This is likely that the spyware component is the one that actually has utility and that attackers may be using the ransomware as a cover
NEW DELHI:Researchers at K7 Lab have found a new ransomware that affects Apple’s Mac computers. Unlike most ransomware though, this one might be more dangerous than perceived. According to the researchers, the malware also have spyware-like capabilities, which allow it to steal data from infected computers.
Ransomware attacks usually hold a user’s data ransom, but having spyware like capabilities means that this one can also steal your data regardless of whether you pay the ransom or not. Data like credit card numbers, passwords and other personal info that may be stored on your PC.
For example, when the WannaCry ransomware hit the world, it only encrypted the data on a PC and asked users to pay a ransom if they wanted the decryption key. ThiefQuest, which is the name of this new ransomware, can do that and also steal your data. The spyware part of the malware remains on an infected device and can be used to steal data perennially.

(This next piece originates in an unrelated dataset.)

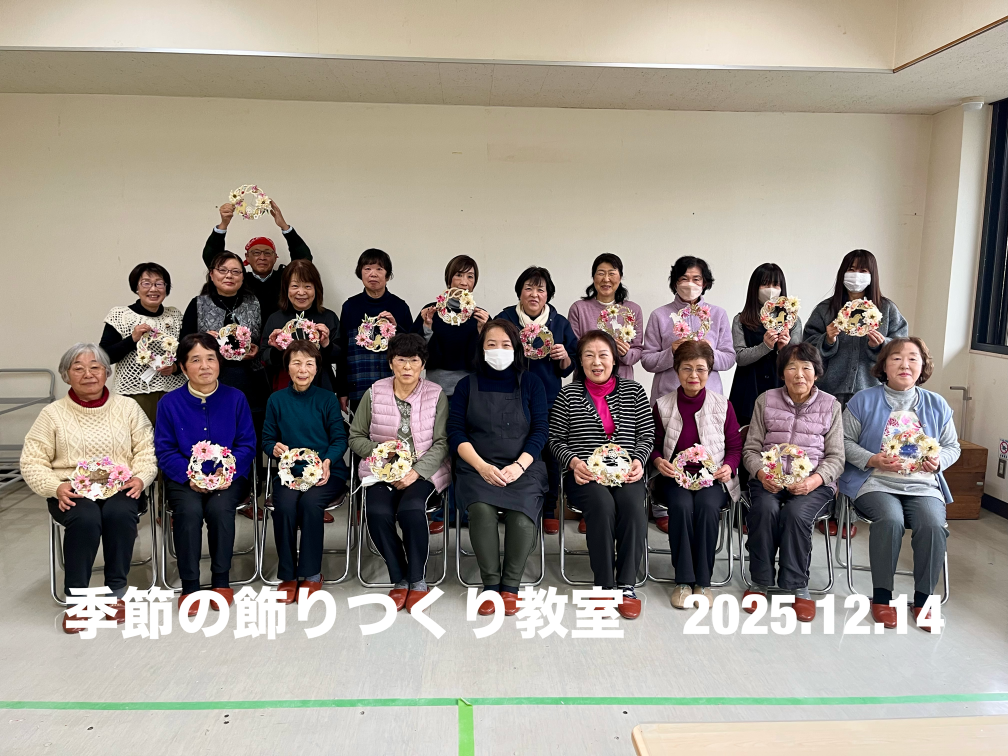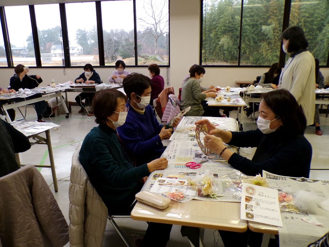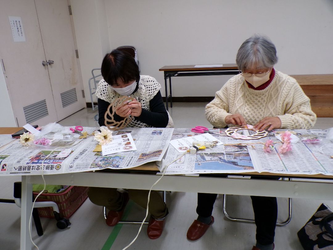 豊岡福祉センター主催の「季節の飾りつくり教室」を12月14日に実施しました。今の時季にふさわしい「煌めきリース」を参加者の皆さんが熱心に作り上げました。
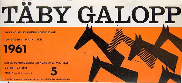 En stor del av måndagen har gått åt till att snickra ihop ett täbyprogram till lördag. Ni har säkert noterat att vi har en jubileumskväll på banan. Den 28 augusti är det nämligen exakt 50 år sedan Täby Galopp invigdes.

The ransomware was already significant, since Apple’s PCs are usually hit with fewer malware attacks than Windows devices. However, the ransomware plus spyware nature makes ThiefQuest unique.
Researchers have said that there are signs that the ransomware component is incomplete, suggesting that holding users’ data hostage isn’t what attackers intended to do. The code also showed that the malware won’t run if it detects certain security tools, like Norton Antivirus. Parts of the malware have been made in a way so that it avoids detection, but instead of running silently in the background, it seems to not run at all.
This also suggests that the spyware component is the one that actually has utility and that attackers may be using the ransomware as a cover.